如何将自定义类型数组传递给Postgres函数
问题描述:
我有一个自定义类型
CREATE TYPE mytype as (id uuid, amount numeric(13,4));
我想将其传递给具有以下签名的函数:
I want to pass it to a function with the following signature:
CREATE FUNCTION myschema.myfunction(id uuid, mytypes mytype[])
RETURNS BOOLEAN AS...
如何在postgres查询中以及不可避免地从PHP中调用它?
How can I call this in postgres query and inevitably from PHP?
答
You can use the alternative syntax with a string literal instead of the array constructor, which is a Postgres function-like construct and may cause trouble when you need to pass values - like in a prepared statement:
SELECT myschema.myfunc('0d6311cc-0d74-4a32-8cf9-87835651e1ee'
, '{"(0d6311cc-0d74-4a32-8cf9-87835651e1ee, 25)"
, "(6449fb3b-844e-440e-8973-31eb6bbefc81, 10)"}'::mytype[]);
我在数组的两个行类型之间添加了一个换行符,以在此处显示.没关系.
I added a line break between the two row types in the array for display here.
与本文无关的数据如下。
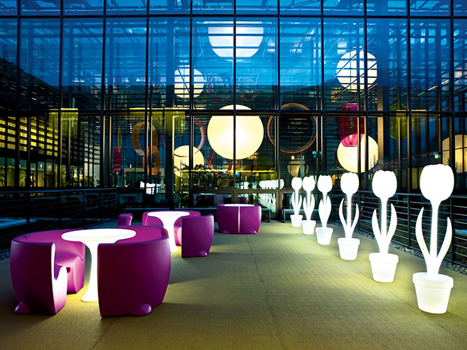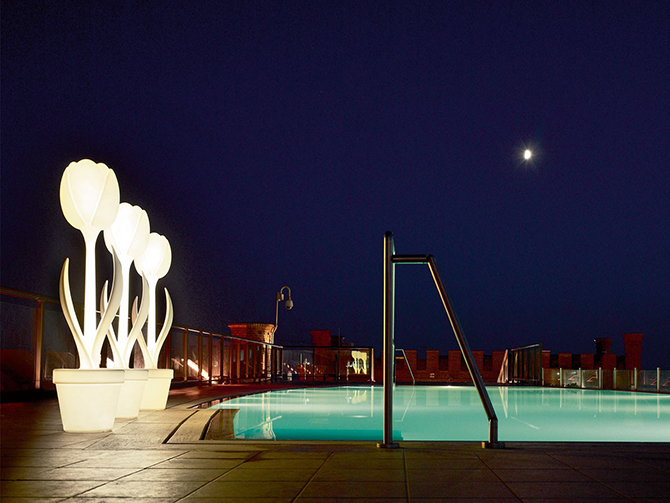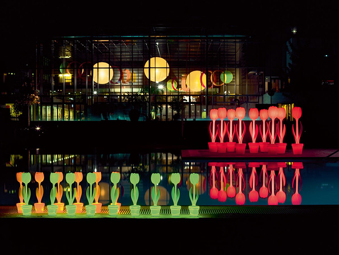 而XL型Tulip Lamp適用范圍更大,花園里、泳池邊都是不錯(cuò)的選擇,此外還可以通過遙控器調(diào)整光色、亮度。XL版本的一大亮點(diǎn)是采用了LED,保證了低功耗,一個(gè)光輸出保證了精確的亮度優(yōu)化,同時(shí)可用腳開關(guān)體現(xiàn)了人性化的考量。當(dāng)然,設(shè)計(jì)師也考慮到它可能因?yàn)轱L(fēng)大而被吹倒,XL版本采用了氯丁橡膠電纜進(jìn)行地板緊固,完全打消了用戶的顧慮。屆時(shí),夜幕降臨時(shí)只需安心享受舒適浪漫的郁金香燈光派對(duì)了。

That's legal.
这是一个演示:
CREATE TEMP TABLE mytype (id uuid, amount numeric(13,4));
INSERT INTO mytype VALUES
('0d6311cc-0d74-4a32-8cf9-87835651e1ee', 25)
,('6449fb3b-844e-440e-8973-31eb6bbefc81', 10);
SELECT ARRAY(SELECT m FROM mytype m);
返回:
{"(0d6311cc-0d74-4a32-8cf9-87835651e1ee,25.0000)","(6449fb3b-844e-440e-8973-31eb6bbefc81,10.0000)"}
应该注意,任何表(包括临时表)都隐式地创建相同名称的行类型.
It should be noted that any table (including temporary tables) implicitly creates a row type of the same name.